Zero Waste Hair Ties and Alternatives


Having just updated my review of Kooshoo Hair Ties, I felt it was time I wrote up a short post just about zero waste hair tie options. 

Standard hair ties are nothing to write home about, they are incredibly disposable, they break all the time, and are almost always made with some mix of synthetic materials, which won't really ever break down and almost none are fair-trade. 

I keep it pretty simple when it comes to doing my hair, a sock bun is about as advanced as I get. But when you keep it simple with your hair, hair ties tend to be your most trusted ally to keep your hair back in a bun, ponytail, or braid. So they weren't something I felt like I could really give up.

But there's hope! There are still several options for keeping your hair well-wrangled AND staying zero waste.

1. reduce and reuse

Ok, so before we go into what you can buy to be zero waste with your hair ties, we should talk about what you can do with the hair ties you already have. 
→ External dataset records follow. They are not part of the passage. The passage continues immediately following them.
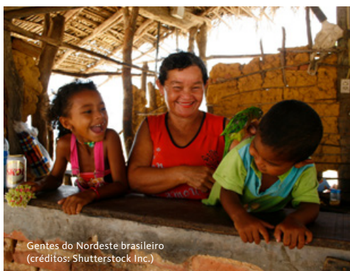
Gentes do Nordeste brasileiro

Em horário a combinar, transfer ao aeroporto para embarque em voo com destino a São Luís, a capital do estado do Maranhão. Chegada e início das visitas, com destaque para o centro histórico desta cidade fundada pelos franceses, em 1612, e reconhecida como Patrimônio da Humanidade pela UNESCO em 1997. As ruas em paralelos, casarões coloniais portugueses, igrejas antigas e azulejos coloridos são um charme. Passaremos pela Catedral de São Luís, pela icônica Rua do Giz, pelo Palácio dos Leões, a sede do governo do estado e pelo Mercado das Tulhas, especializado em produtos maranhenses. Continuação para a parte nova da cidade, onde se encontra a maior parte da infraestrutura urbana, prédios altos, avenidas largas, praias mais procuradas, centros comerciais e áreas empresariais. Jantar. Alojamento no Hotel Blue São Luis 4* ou similar.
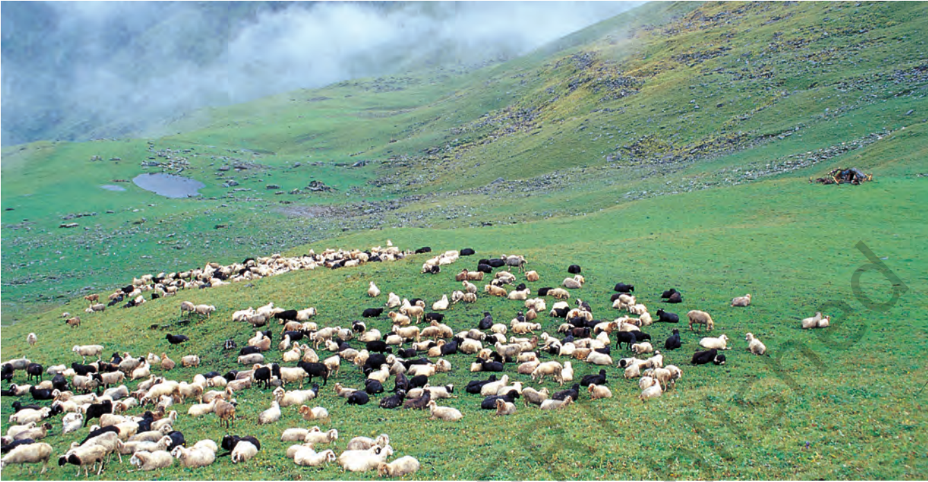
चित्र 1 - पूर्वी गढ़वाल के बुग्याल में चरती भेड़ें.

बुग्याल ऊँचे पहाड़ों पर 12,000 फुट से भी ज्यादा ऊँचाई पर स्थित विशाल प्राकृतिक चरागाह होते हैं। जाड़ों में ये बर्फ से ढके रहते हैं और अप्रैल के बाद हरे-भरे हो जाते हैं। इस समय पहाड़ियों की तलहटी तरह-तरह की घास, जड़ों और जड़ी-बूटियों से भरी रहती है। मॉनसून तक इन चरागाहों में घनी हरियाली छा जाती है और चारों तरफ फूल ही फूल दिखाई देने लगते हैं।
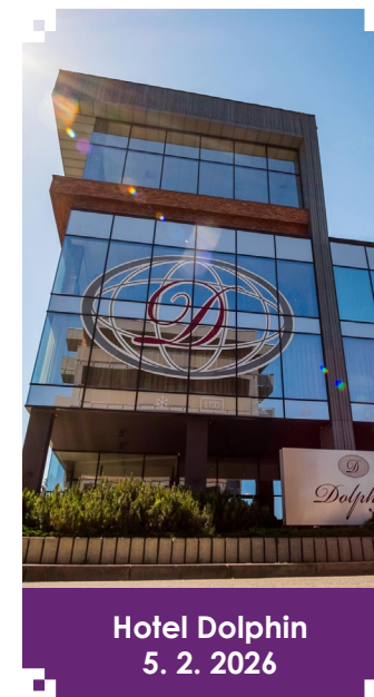
Hotel Dolphin 5. 2. 2026
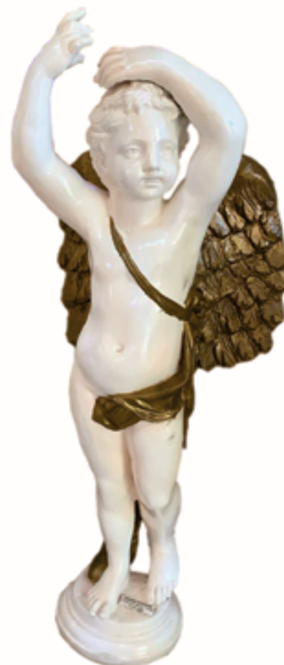
Escultura Angel 2 Técnica: Resina de Mármol Dimensiones: 80 x 45 x 25 cms Autor: Jorge Torres Gómez
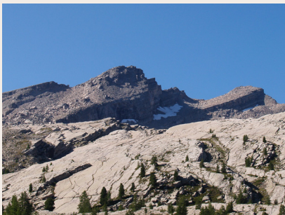
L'Estrop et le glacier de la Blanche

roche se fracture et forme des éboulis ; enfin, le gaz carbonique qu'elle contient dissout le calcaire, donnant alors un modelé karstique. Les grès d'Annot sont des roches spécifiques du Mercantour. Faits de sable et de vase consolidés, ils ont été formés, il y a 45 millions d'années, par des "courants de turbidité" ou gigantesques avalanches sous-marines dont la récurrence était de 100 000 ans. Elles étaient déclenchées par un séisme ou un apport brutal de sédiments par les fleuves issus du continent corsarde, dont les massifs des Maures et de l'Esterel, la Corse et la Sardaigne sont les vestiges. Texte : Parc national du Mercantour.
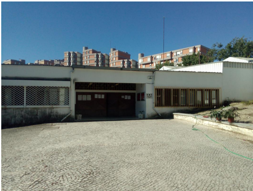
FIGURA 2 – Entrada do Pavilhão Central vista de frente
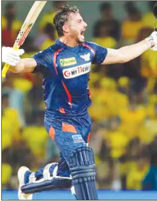
LSG का चेपाँक स्टेडियम में सबसे बड़ा चेज

LSG ने IPL में CSK के खिलाफ दूसरा सबसे बड़ा रन चेज किया है। टीम ने 211 रन का टारगेट हासिल किया। इससे पहले भी टीम ने मुंबई के मैदान पर साल 2022 में CSK के खिलाफ 211 रन चेज किए। CSK के खिलाफ सबसे बड़ा टारगेट MI ने चेज किया है। MI ने साल 2021 में 219 रन का टारगेट दिल्ली के मैदान पर चेज किया था। इस मुकामले में कीरोन पोलार्ड ने 34 बॉल में नाबाद 84 रन की पारी खेली थी।

Do your best not to loose them, and use them as much and as long as possible! 

Since hair ties are cheap, those of us with long hair grew up thinking of them as a relatively disposable item. But they aren't! They last freaking forever, why do you think you see them all over the place on a city street? So treat them with more care and concern.

Also, once your hair tie reaches that inevitable point where it's so stretched out it's no longer actually useful as a hair tie, keep using it for other things. use it to keep wax wrap on jars, or to wrap electronic chords together, whatever you can think of! 

2. Upcycle your clothes

I actually got this tip from my fellow biologists down here in St. Croix. They use pantyhose for another experiment having to do with corals (science is weird, yall), but they don't use the upper portion of the stockings, just the thiner material that would cover the legs. So they cut up the top portion, where the material is a bit thicker, and use the rounds as hair ties and to keep our data sheets from blowing off our clip boards in the wind. Us science people have our creative moments too!

I would imagine you could do this with any old pair of pantyhose, tights, leggings, or socks that have outlived their use and are ready to meet their maker!

After having used this method, I don't know if I'll go back to buying hair ties again. You can get so many out of just one piece of clothing, and if you treat them with care, they should last you!

Hair ties made from pantyhose!

Hair ties made from pantyhose!

3. Plastic Free Hair Ties

As I mentioned, I just updated my post on Kooshoo's hair ties, and in short - I'd call them a good buy! One package of 5 lasted my boyfriend (a proud purveyor of the man-bun) a year. And they never broke or snapped, we just lost them because:

  1. My boyfriend set a few down somewhere and they were lost to time and space

  2. They became stretched out enough that they fell off of my wrists without my notice, until it was too late

They are the only plastic-free, biodegradable, ethically made hair tie on the market (as far as I know at least!) 

Here are the details:

  • Made of organic cotton (75% Organic Cotton, 25% Natural Rubber)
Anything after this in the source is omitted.